Economist addresses fiscal concerns

By Jenny White

Stephen Moore, “Wall Street Journal” economic writer, headlined the Illinois Jobs Tour as it stopped on Olivet’s campus to address the economic concerns of Kankakee County residents.

Moore had harsh words for the state of the national government.

“I believe, since the recession hit in 2008, every step taken by Washington has been the wrong thing to do,” he said in the opening of his conversation, “The Illinois Economy: Dead on Arrival.” Audience members applauded their agreement.

Addressing a crowd composed primarily of Tea Party Movement members, Moore and a panel of four other Illinois economic and political figures garnered enthusiasm as they spoke on the national debt problem, which stands around a staggering $14 trillion.

“These numbers are so huge that people cannot comprehend them,” Moore said.

To illustrate an inadequate solution to the debt problem, Moore noted President Obama’s “Millionaire Tax,” announced Sept. 18.

This proposal increases taxes on the wealthy by letting the Bush tax cuts expire.

This tax is also referred to as the “Buffet Rule” after Warren Buffet, an American businessman and investor, who was quoted saying that billionaires have been “coddled” long enough by Congress.

Moore called Buffet a “hypocrite,” and dismissed the millionaire tax proposal as a failure in deficit reduction.

High-income brackets should not be receiving tax increases, as the majority of these people are small business owners, producing 70 percent of all new jobs, according to Moore.

He referred to small business owners as “the backbone of the economy.”

Being an advocate for free enterprise, Moore called it “frightening” that the top 10 percent of earners are paying 67 percent of the income tax, and found it equally frightening that 45 percent of Americans who filled out tax forms actually did not pay anything.

“The problem with non-tax payers is that government becomes free to them, and they expect more from the government for nothing,” Moore said.

As a solution, Moore proposed a flat tax rate of 18 percent for everyone, with no special interest and no deductions. By a show of hands, over half the audience supported his proposal.

Another solution he proposed, which gained about a quarter of the audience’s approval, was the fair tax proposal to abolish income and federal tax all together and add 20 percent to the national sales tax.

When Moore asked the audience if anyone was in support of the tax system as it is, no one responded.

Four other panelists spoke after Moore on different effects of the Illinois economic situation.

Addressing the problem of creating new jobs was Bruce Rauner, the Principal of GTCR, LLC, a Chicago-based private equity firm.
Rauner called the state of Illinois “hostile to business,” and claimed the fundamental problem is that businesses are viewed as a “piggy bank to be broken into and taken from.”

Panelist Marc Levine, a budget and pension expert, spoke on the topic of the national pension problem.

Levine claimed the source of the pension problem is that salaries in Illinois are too high. His proposal was to eliminate the pension system entirely.

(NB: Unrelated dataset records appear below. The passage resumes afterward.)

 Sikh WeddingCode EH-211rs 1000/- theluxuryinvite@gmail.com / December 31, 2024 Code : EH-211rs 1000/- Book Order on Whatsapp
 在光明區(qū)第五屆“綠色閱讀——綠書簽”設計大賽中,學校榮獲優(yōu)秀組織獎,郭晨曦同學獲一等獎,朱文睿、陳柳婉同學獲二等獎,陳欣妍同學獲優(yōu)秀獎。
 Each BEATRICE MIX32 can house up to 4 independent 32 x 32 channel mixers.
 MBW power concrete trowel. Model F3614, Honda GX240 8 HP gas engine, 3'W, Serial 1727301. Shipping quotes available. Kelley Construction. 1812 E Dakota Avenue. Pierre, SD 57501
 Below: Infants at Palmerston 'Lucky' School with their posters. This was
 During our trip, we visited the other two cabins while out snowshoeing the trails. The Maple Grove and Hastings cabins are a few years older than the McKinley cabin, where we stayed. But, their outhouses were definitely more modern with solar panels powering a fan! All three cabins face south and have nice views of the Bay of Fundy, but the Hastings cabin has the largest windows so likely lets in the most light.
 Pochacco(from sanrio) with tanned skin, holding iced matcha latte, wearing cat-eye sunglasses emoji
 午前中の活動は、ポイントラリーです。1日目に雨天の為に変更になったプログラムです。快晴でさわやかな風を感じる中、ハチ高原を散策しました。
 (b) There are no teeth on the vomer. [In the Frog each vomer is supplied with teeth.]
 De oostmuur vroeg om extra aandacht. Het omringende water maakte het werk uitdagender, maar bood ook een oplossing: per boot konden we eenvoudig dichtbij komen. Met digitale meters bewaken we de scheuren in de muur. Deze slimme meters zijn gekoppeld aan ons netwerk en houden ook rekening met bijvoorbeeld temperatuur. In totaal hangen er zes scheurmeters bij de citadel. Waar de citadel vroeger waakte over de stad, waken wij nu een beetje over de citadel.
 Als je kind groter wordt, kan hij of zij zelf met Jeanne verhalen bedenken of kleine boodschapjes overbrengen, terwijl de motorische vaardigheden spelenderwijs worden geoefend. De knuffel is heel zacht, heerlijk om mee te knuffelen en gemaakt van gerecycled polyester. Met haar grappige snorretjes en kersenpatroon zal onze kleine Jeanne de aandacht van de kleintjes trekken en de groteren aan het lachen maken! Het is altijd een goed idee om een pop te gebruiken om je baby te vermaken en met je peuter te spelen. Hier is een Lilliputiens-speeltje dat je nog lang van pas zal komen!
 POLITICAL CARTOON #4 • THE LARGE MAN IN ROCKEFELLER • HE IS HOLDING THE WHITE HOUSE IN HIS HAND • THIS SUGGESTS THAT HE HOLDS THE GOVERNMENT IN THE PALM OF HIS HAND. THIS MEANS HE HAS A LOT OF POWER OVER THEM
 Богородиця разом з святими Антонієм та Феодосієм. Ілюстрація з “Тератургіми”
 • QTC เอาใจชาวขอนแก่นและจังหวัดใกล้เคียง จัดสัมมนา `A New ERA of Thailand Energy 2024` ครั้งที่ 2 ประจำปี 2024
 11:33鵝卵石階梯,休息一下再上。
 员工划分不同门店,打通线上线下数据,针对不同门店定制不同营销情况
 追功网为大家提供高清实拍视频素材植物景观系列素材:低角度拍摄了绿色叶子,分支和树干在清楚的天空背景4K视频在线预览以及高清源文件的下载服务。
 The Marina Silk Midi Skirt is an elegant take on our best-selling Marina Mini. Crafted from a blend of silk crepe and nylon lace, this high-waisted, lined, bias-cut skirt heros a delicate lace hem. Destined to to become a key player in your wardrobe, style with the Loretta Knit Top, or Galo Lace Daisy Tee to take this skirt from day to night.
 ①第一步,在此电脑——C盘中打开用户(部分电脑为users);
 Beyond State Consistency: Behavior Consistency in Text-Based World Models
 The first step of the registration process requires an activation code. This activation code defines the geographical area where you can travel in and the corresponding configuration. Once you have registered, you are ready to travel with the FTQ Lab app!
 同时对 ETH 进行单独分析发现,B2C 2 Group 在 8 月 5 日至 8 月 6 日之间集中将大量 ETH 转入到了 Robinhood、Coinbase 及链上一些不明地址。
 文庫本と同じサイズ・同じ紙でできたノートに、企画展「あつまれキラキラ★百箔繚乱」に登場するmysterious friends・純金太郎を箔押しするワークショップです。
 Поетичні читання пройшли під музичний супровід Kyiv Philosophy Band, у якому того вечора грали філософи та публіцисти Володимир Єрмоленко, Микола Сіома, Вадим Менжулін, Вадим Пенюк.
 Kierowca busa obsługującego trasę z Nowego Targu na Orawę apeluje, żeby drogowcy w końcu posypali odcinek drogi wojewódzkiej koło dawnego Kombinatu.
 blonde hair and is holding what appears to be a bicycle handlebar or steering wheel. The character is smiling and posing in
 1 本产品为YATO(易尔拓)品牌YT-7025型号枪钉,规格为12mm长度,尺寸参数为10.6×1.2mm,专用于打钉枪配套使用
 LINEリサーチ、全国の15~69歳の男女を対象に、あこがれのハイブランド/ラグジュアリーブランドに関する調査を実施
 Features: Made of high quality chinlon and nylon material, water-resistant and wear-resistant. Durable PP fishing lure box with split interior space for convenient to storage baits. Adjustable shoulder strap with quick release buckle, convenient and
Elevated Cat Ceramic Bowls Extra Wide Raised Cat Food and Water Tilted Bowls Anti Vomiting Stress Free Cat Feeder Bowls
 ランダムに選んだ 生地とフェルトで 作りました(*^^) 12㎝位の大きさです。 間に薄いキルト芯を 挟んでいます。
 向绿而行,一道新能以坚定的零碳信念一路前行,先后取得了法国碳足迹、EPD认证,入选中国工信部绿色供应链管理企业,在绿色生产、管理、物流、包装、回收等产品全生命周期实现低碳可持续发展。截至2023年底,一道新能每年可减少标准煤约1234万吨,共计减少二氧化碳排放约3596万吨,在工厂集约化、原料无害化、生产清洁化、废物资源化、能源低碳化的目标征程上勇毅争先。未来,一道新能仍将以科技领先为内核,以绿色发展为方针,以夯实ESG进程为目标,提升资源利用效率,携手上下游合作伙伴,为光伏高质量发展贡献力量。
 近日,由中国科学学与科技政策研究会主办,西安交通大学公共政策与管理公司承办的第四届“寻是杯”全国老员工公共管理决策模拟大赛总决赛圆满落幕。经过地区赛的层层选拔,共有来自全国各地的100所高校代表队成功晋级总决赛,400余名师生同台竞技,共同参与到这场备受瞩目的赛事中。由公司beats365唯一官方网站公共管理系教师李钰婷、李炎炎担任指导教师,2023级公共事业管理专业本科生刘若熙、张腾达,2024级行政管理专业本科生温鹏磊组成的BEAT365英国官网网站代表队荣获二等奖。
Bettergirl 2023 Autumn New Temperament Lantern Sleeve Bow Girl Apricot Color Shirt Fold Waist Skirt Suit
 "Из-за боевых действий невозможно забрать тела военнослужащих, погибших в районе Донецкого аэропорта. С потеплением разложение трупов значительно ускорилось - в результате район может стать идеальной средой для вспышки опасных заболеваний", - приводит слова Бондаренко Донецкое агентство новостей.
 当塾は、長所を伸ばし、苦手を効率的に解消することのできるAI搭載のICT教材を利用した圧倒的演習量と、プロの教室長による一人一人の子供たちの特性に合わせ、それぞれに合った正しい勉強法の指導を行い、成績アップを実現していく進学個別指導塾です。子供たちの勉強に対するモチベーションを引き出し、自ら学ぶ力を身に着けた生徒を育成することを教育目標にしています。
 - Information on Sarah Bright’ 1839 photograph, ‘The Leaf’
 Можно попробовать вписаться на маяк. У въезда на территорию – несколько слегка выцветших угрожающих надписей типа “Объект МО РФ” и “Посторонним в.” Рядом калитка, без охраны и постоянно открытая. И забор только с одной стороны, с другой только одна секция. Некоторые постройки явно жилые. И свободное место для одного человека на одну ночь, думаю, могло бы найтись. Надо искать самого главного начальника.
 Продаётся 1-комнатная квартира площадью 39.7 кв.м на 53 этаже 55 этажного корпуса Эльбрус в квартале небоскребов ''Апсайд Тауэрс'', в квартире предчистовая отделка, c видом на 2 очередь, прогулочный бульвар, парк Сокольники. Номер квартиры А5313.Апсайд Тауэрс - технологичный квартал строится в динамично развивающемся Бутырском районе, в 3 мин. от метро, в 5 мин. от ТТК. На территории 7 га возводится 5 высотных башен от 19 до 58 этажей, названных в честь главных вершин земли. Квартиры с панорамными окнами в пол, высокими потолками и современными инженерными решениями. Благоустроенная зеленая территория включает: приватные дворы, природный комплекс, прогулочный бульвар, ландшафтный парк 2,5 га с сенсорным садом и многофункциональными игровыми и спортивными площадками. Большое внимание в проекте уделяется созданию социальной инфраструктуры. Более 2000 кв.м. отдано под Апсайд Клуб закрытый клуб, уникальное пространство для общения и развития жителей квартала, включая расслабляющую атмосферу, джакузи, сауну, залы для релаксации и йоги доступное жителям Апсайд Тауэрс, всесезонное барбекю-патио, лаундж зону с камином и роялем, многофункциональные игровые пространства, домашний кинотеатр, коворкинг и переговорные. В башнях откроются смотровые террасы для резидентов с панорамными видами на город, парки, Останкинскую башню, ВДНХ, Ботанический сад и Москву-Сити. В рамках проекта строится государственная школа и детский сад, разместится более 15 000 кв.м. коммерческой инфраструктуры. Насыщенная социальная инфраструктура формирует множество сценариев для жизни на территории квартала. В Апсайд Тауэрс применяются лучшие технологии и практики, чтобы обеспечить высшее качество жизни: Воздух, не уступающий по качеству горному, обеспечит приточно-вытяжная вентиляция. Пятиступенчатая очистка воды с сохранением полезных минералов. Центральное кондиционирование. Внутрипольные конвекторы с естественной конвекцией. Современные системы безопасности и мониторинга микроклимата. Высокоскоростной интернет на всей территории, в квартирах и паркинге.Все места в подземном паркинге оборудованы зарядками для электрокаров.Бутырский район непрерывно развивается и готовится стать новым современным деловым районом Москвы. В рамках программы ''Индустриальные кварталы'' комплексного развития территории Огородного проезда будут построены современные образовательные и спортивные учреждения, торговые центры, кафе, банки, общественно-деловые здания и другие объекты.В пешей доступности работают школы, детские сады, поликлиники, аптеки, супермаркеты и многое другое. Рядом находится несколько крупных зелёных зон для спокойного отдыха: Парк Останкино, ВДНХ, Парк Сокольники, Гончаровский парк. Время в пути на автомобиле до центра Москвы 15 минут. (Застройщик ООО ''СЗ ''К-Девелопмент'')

The final panelist speaker, Kristina Rasmussen, Executive Vice President of the Illinois Policy Institute, denounced Governor Pat Quinn’s income tax hike.

In an average American’s workday at an average salary, about 60 minutes of money earned goes toward taxes, and this, she claims, is enough.

Rasmussen proposed a repeal to the tax hike and urged the audience to vote in support of the repeal.

In conclusion to the panelists’ speeches, Stephen Moore was re-introduced for final statements.

Moore called the 2009 stimulus package a “failure,” as national unemployment rates were 7.8 percent before the stimulus passed and are currently 9.1 percent, according to the Bureau of Labor Statistics.

“The United States has been the richest in the past because of free enterprise,” Moore concluded. “Once we reform this system, we will see the biggest economic boom in American history.”

0 Comments

  1. It would be nice if Olivet showed some academic fairness and also brought in those who support raising taxes and providing stimulus to boost the economy in order to have an open and honest debate. Unfortunately, Olivet isn’t known for its balance of viewpoints.